The company is moving toward a model that blends high performance computing (HPC) with quantum computing, “which is generally the way utility quantum computing is going,” Horvath said. As quantum has an advantage over classical devices on certain problems like optimization or graph coloring, the technologies can work together to solve problems.
“The classical HPC system will work on most of the problem, farming out parts of the work to the quantum computer where it has a chance at a better-than-classical answer, then combining that back with the ongoing HPC system,” Horvath explained. “This is the current way quantum computers are used in most cases.”
Quantum computers don’t consistently show an advantage over classical devices, Horvath conceded. However, “very compelling developments in noise reduction and error correction” over the past five years have helped machines return accurate results more consistently.
The analyst believes these improvements will bring quantum computers into a more widespread use over the next few years. He likened the progression to artificial intelligence, which “moved very rapidly from a niche technology into a dependable technology in a similar amount of time.”
Like other companies, IBM’s goal is to build increasingly bigger and more precise machines with the hopes this will lead to wide-scale deployment of the technology. Speaking to Barron’s earlier this month, Jay Gambetta, vice president of IBM Quantum, laid out the company’s vision for quantum dominance.

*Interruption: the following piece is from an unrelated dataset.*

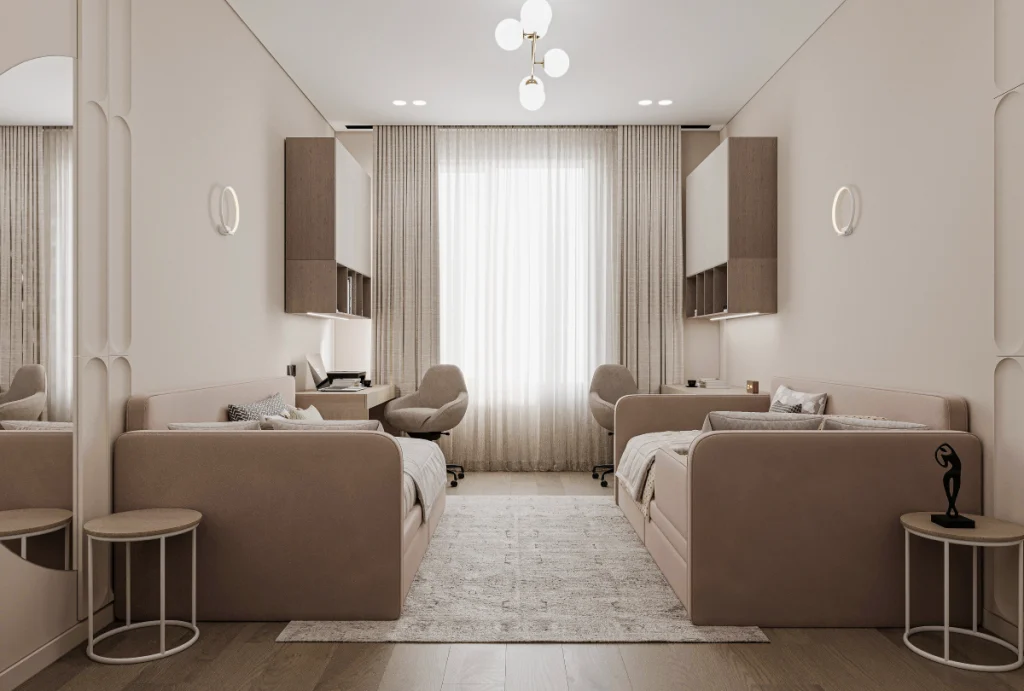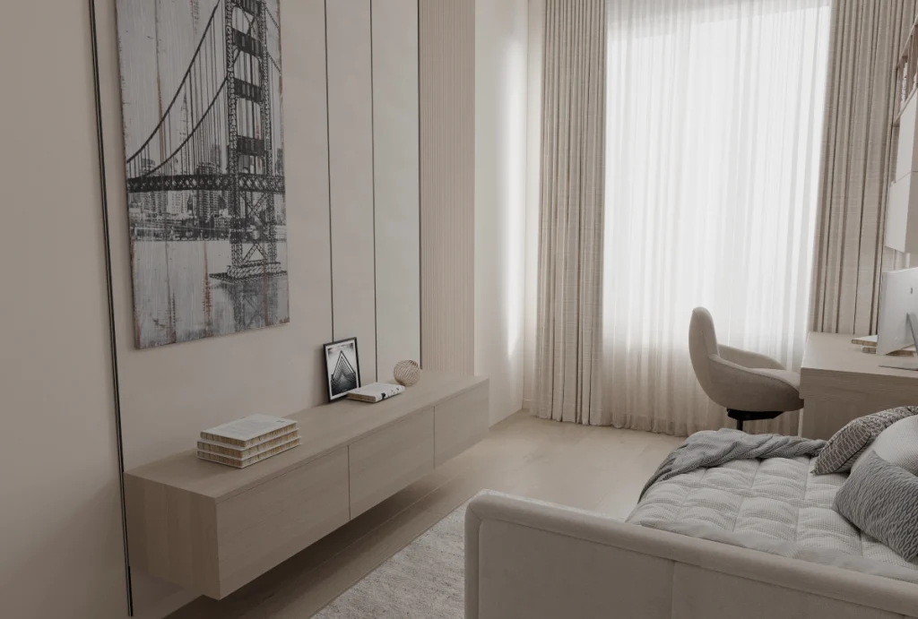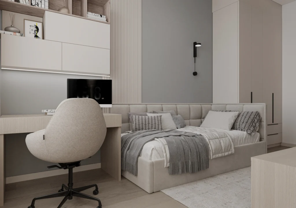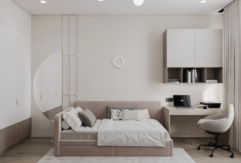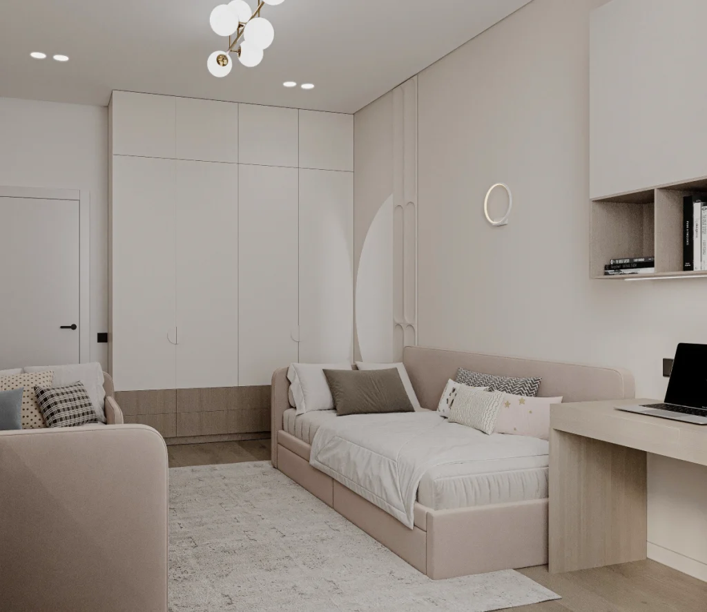 Paleta de culori folosește tonuri deschise, cu accente subtile contrastante ce înviorează vizual spațiul.

“We’ve always focused on what we need to learn to be able to scale,” Gambetta said. “Our secret weapon is that we make a new device every 17 days. You focus on how you can increase the rate at which you can learn, and you get very disciplined at that.”
IBM hopes to pioneer a fault-tolerant device before the end of the decade. Gambetta is sure the company can meet its target. “We always had a plan. I finally feel like we have an execution,” the scientist said. “I’m excited to bring this quantum computer into the world.